I want to find all words that contain specific alphabet characters only and exclude the rest of the alphabet. I am able to do so (see the example below), but as you can see, it is downright ugly.

EXAMPLE

Currently to find all words that contain letters 'a', 'b', 'c', 'x', 'y', 'z', but exlude rest of the alphabet letters I do this:

SELECT word 
FROM   dictionary
WHERE  ( 
          word LIKE '%a%' 
          OR word LIKE '%b%' 
          OR word LIKE '%c%' 
          OR word LIKE '%x%' 
          OR word LIKE '%y%' 
          OR word LIKE '%z%' 
       ) AND ( 
             word NOT LIKE '%d%' 
             AND word NOT LIKE '%e%' 
             AND word NOT LIKE '%f%' 
             AND word NOT LIKE '%g%' 
             AND word NOT LIKE '%h%' 
             AND word NOT LIKE '%i%' 
             AND word NOT LIKE '%j%' 
             AND word NOT LIKE '%k%' 
             AND word NOT LIKE '%l%' 
             AND word NOT LIKE '%m%' 
             AND word NOT LIKE '%n%' 
             AND word NOT LIKE '%o%' 
             AND word NOT LIKE '%p%' 
             AND word NOT LIKE '%q%' 
             AND word NOT LIKE '%r%' 
             AND word NOT LIKE '%s%' 
             AND word NOT LIKE '%t%' 
             AND word NOT LIKE '%u%' 
             AND word NOT LIKE '%v%' 
             AND word NOT LIKE '%w%' ) 

Any way to accomplish this task using some form of regex or other optimization? Any tricks or hints would be much appreciated.

jjj
  • 2,594
  • 7
  • 36
  • 57

6 Answers6

2

This is a better approach.

SELECT word 
FROM dictionary
WHERE word REGEXP '.*[abcxyzABCXYZ].*$' 
AND word NOT REGEXP '.*[defghijklmnopqrstuvwDEFGHIJKLMNOPQRSTUVW].*$';
hondvryer
  • 442
  • 1
  • 3
  • 18
  • This is producing SQL errors.
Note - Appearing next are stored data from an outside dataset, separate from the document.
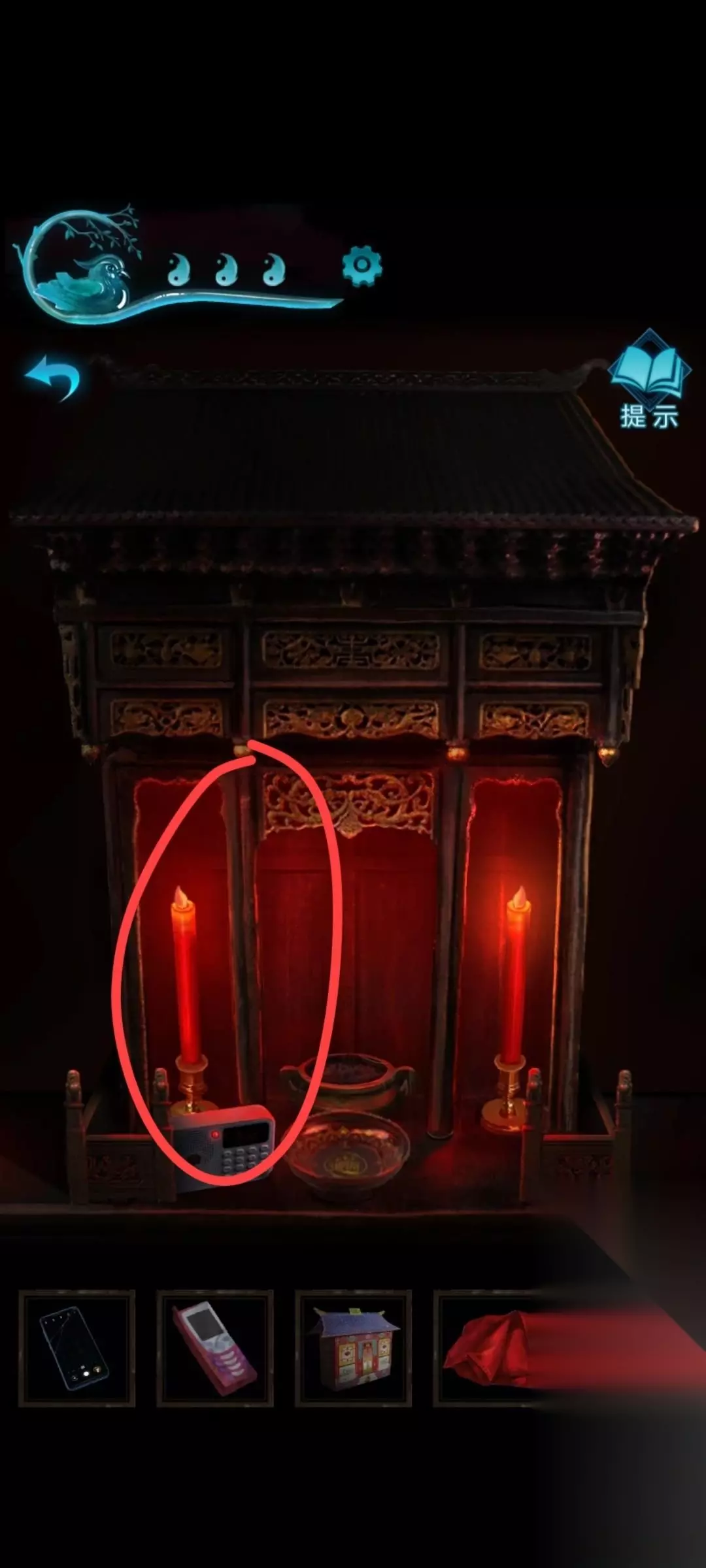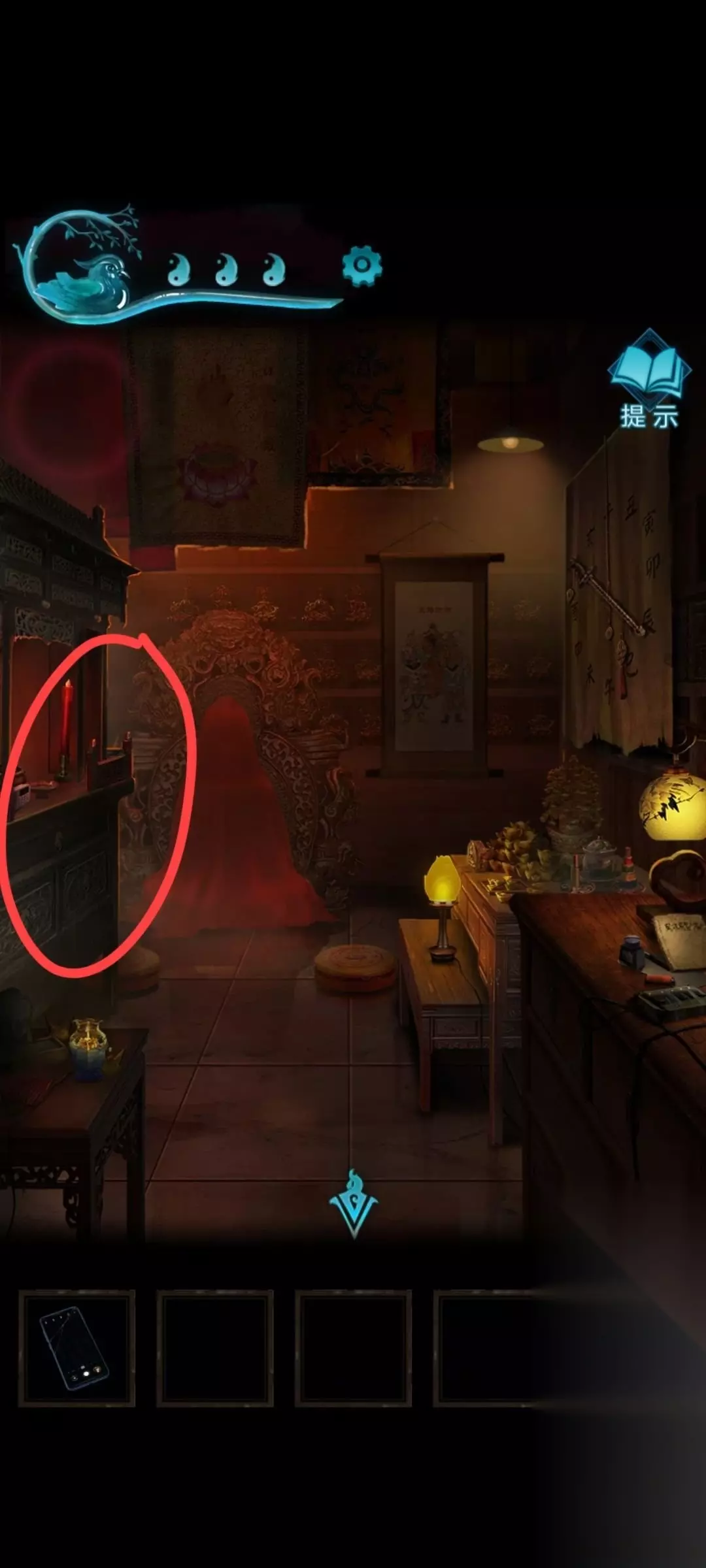 13、之后旁边的画像会打开,得到道具,再点旁边的供台 会得到符纸
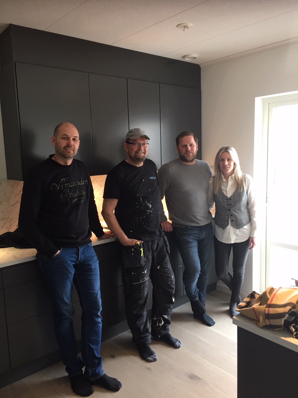Besiktningen gick kanon och till vänster om paret har vi entreprenören Carlskrona Construction och LB-Hus Byggledare Ola. Tack till alla och stort lycka till!
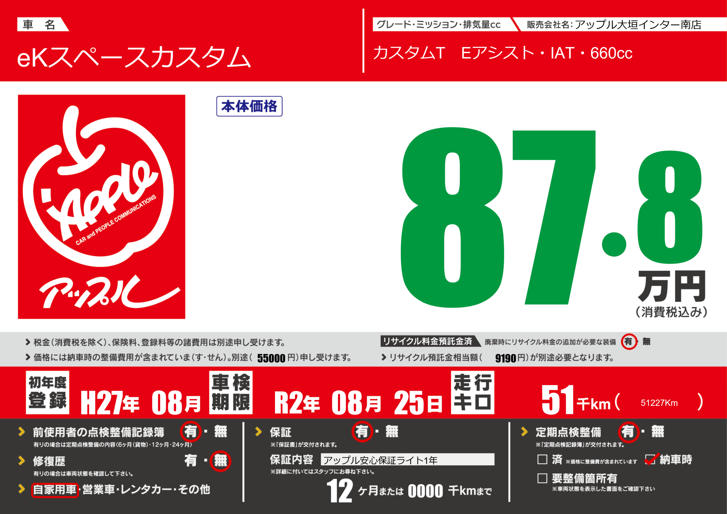 | 定期点検整備 | 定期点検整備あり 納車時あり | ||

I am not sure why, but it won't execute even though I changed 'city' on the third line to 'word'. – jjj Feb 16 '18 at 09:23
2

You can achieve it using REGEXP

SELECT `word `
FROM `dictionary`
WHERE `word` REGEXP '[abcxyzABCXYZ]'
    AND `word` NOT REGEXP '[defghijklmnopqrstuvwDEFGHIJKLMNOPQRSTUVW]'
Mittal Patel
  • 2,732
  • 14
  • 23
  • I was happy way too early... this doesn't support UTF8 alphabet characters :( – jjj Feb 16 '18 at 10:26
  • https://stackoverflow.com/questions/19774618/mysql-regex-utf-8-characters - MySQL regular expression library didn't support the UTF8, However you can use the equivalent HEX to support it – Mittal Patel Feb 16 '18 at 11:52
0

Check This.

        set @1='a'\\
        set @2 ='b'\\
        set @3 ='c'\\
        set @4 ='x'\\
        set @5 ='y'\\
        set @6 ='z'\\


        set  @find=CONCAT(@1,@2,@3,@4,@5,@6)\\


        set  @ALl='abcxyzdefghijklmnopqrstuvw'\\ all alphabets here

        set  @ALl=replace(@ALl,@1,'')\\  replace alphabet that you want
        set  @ALl=replace(@ALl,@2,'')\\
        set  @ALl=replace(@ALl,@3,'')\\
        set  @ALl=replace(@ALl,@4,'')\\
        set  @ALl=replace(@ALl,@5,'')\\
        set  @ALl=replace(@ALl,@6,'')\\

        SELECT word 
        FROM dictionary
        WHERE word RLIKE CONCAT('.*[',@find,'].*$')
        AND word NOT RLIKE CONCAT('.*[',@ALl,'].*$');\\

Check Demo Here

Mr. Bhosale
  • 3,018
  • 1
  • 17
  • 34
0

If you can't use REGEXP for some reason, then this should work too:

SELECT word 
  FROM dictionary
 WHERE Replace(Replace(Replace(Replace(Replace(Replace(
            word, 'a', ''),
                  'b', ''),
                  'c', ''),
                  'x', ''),
                  'y', ''),
                  'z', '') = ''

I doubt it will be very fast though. Then again, I'm not sure anything will be fast for this requirement =)

deroby
  • 5,902
  • 2
  • 19
  • 33
0

The test is simply:

    word REGEXP '^[abcxyz]*$'

That says that everything from start (^) to end ($) must be a string of zero or more (*) of the characters ([]) abcxyz.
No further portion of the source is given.